**Data section:**
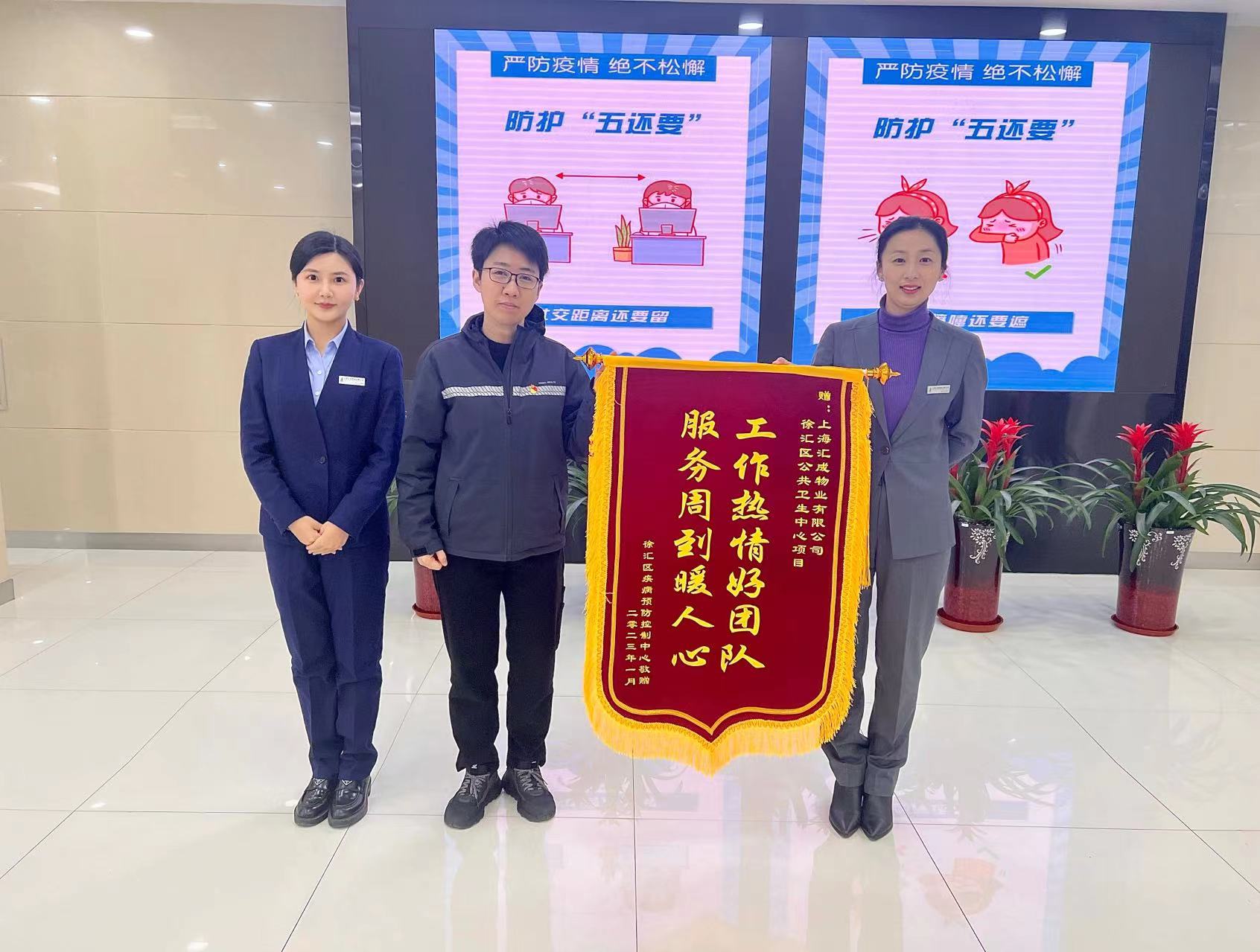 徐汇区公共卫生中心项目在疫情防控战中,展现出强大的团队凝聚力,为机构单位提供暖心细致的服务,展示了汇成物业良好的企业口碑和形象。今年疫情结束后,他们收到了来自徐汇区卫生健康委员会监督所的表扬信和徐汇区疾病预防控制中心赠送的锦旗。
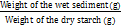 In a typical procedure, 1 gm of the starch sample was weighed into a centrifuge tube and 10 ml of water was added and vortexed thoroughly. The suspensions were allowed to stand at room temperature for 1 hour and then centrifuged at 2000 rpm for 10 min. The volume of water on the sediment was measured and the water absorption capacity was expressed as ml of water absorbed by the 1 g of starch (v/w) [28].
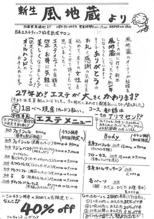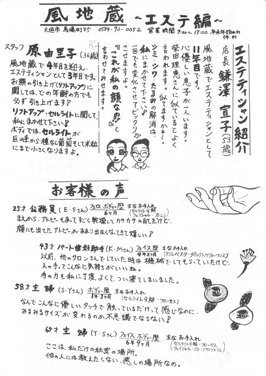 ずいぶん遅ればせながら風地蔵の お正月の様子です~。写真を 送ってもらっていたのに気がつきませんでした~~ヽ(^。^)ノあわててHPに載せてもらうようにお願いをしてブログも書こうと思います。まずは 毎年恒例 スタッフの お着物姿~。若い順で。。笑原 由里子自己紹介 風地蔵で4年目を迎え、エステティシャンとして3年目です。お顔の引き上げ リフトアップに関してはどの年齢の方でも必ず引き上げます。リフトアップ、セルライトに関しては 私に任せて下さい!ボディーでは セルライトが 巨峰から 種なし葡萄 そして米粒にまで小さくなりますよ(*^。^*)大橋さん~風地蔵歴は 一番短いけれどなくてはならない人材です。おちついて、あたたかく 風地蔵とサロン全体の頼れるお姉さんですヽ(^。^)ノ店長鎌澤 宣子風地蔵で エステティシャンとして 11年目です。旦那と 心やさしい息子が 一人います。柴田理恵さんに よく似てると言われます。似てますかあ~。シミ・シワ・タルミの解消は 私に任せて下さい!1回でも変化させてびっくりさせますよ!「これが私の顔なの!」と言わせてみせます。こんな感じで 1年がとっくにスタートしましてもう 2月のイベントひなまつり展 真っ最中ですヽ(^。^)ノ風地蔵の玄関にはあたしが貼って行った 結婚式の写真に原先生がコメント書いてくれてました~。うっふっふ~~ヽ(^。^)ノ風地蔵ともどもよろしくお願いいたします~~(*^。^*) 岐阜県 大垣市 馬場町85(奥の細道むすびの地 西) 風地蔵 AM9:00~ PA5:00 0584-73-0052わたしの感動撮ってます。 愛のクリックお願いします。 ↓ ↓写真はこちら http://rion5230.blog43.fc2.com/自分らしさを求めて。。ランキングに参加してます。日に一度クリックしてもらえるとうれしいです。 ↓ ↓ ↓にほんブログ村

**Instructions to follow:** The lines to copy run from the one with "In a typical" through the end of the material. Write them out exactly, leaving out the pictures.

**Response to this exercise:**
 In a typical procedure, 1 gm of the starch sample was weighed into a centrifuge tube and 10 ml of water was added and vortexed thoroughly. The suspensions were allowed to stand at room temperature for 1 hour and then centrifuged at 2000 rpm for 10 min. The volume of water on the sediment was measured and the water absorption capacity was expressed as ml of water absorbed by the 1 g of starch (v/w) [28].
 ずいぶん遅ればせながら風地蔵の お正月の様子です~。写真を 送ってもらっていたのに気がつきませんでした~~ヽ(^。^)ノあわててHPに載せてもらうようにお願いをしてブログも書こうと思います。まずは 毎年恒例 スタッフの お着物姿~。若い順で。。笑原 由里子自己紹介 風地蔵で4年目を迎え、エステティシャンとして3年目です。お顔の引き上げ リフトアップに関してはどの年齢の方でも必ず引き上げます。リフトアップ、セルライトに関しては 私に任せて下さい!ボディーでは セルライトが 巨峰から 種なし葡萄 そして米粒にまで小さくなりますよ(*^。^*)大橋さん~風地蔵歴は 一番短いけれどなくてはならない人材です。おちついて、あたたかく 風地蔵とサロン全体の頼れるお姉さんですヽ(^。^)ノ店長鎌澤 宣子風地蔵で エステティシャンとして 11年目です。旦那と 心やさしい息子が 一人います。柴田理恵さんに よく似てると言われます。似てますかあ~。シミ・シワ・タルミの解消は 私に任せて下さい!1回でも変化させてびっくりさせますよ!「これが私の顔なの!」と言わせてみせます。こんな感じで 1年がとっくにスタートしましてもう 2月のイベントひなまつり展 真っ最中ですヽ(^。^)ノ風地蔵の玄関にはあたしが貼って行った 結婚式の写真に原先生がコメント書いてくれてました~。うっふっふ~~ヽ(^。^)ノ風地蔵ともどもよろしくお願いいたします~~(*^。^*) 岐阜県 大垣市 馬場町85(奥の細道むすびの地 西) 風地蔵 AM9:00~ PA5:00 0584-73-0052わたしの感動撮ってます。 愛のクリックお願いします。 ↓ ↓写真はこちら http://rion5230.blog43.fc2.com/自分らしさを求めて。。ランキングに参加してます。日に一度クリックしてもらえるとうれしいです。 ↓ ↓ ↓にほんブログ村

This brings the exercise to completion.